** WHAT IS REQUIRED **
Your answer must be a word-for-word copy of the listing, with all pictures excluded.

** SUPPLIED MATERIAL **

┌──

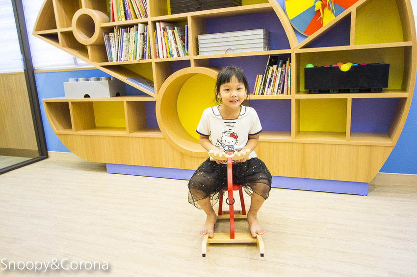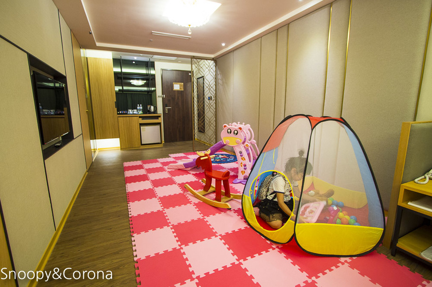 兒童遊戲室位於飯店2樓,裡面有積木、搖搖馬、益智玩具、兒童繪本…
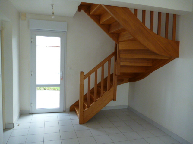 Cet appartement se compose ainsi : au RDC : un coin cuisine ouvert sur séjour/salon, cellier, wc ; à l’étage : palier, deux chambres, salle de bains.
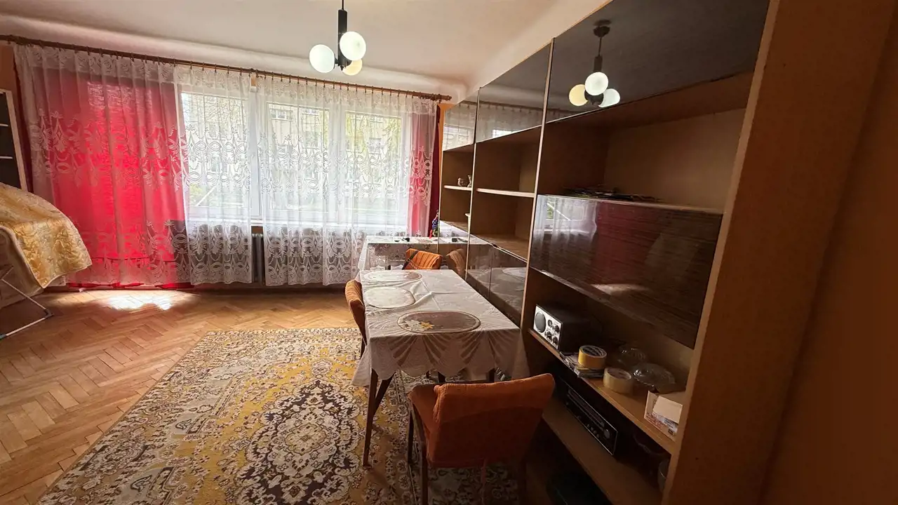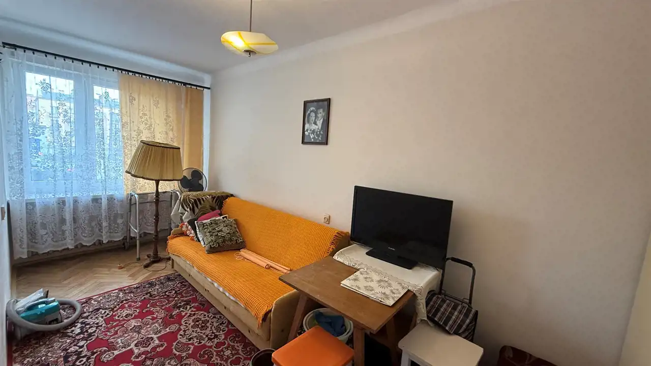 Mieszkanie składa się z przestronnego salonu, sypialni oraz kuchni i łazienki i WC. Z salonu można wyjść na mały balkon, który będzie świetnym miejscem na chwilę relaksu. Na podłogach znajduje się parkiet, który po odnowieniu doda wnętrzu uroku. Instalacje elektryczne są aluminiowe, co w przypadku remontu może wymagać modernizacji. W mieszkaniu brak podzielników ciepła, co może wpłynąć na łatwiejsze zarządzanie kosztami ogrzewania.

└──

** RESPONSE BELOW **
 兒童遊戲室位於飯店2樓,裡面有積木、搖搖馬、益智玩具、兒童繪本…
 Cet appartement se compose ainsi : au RDC : un coin cuisine ouvert sur séjour/salon, cellier, wc ; à l’étage : palier, deux chambres, salle de bains.
 Mieszkanie składa się z przestronnego salonu, sypialni oraz kuchni i łazienki i WC. Z salonu można wyjść na mały balkon, który będzie świetnym miejscem na chwilę relaksu. Na podłogach znajduje się parkiet, który po odnowieniu doda wnętrzu uroku. Instalacje elektryczne są aluminiowe, co w przypadku remontu może wymagać modernizacji. W mieszkaniu brak podzielników ciepła, co może wpłynąć na łatwiejsze zarządzanie kosztami ogrzewania.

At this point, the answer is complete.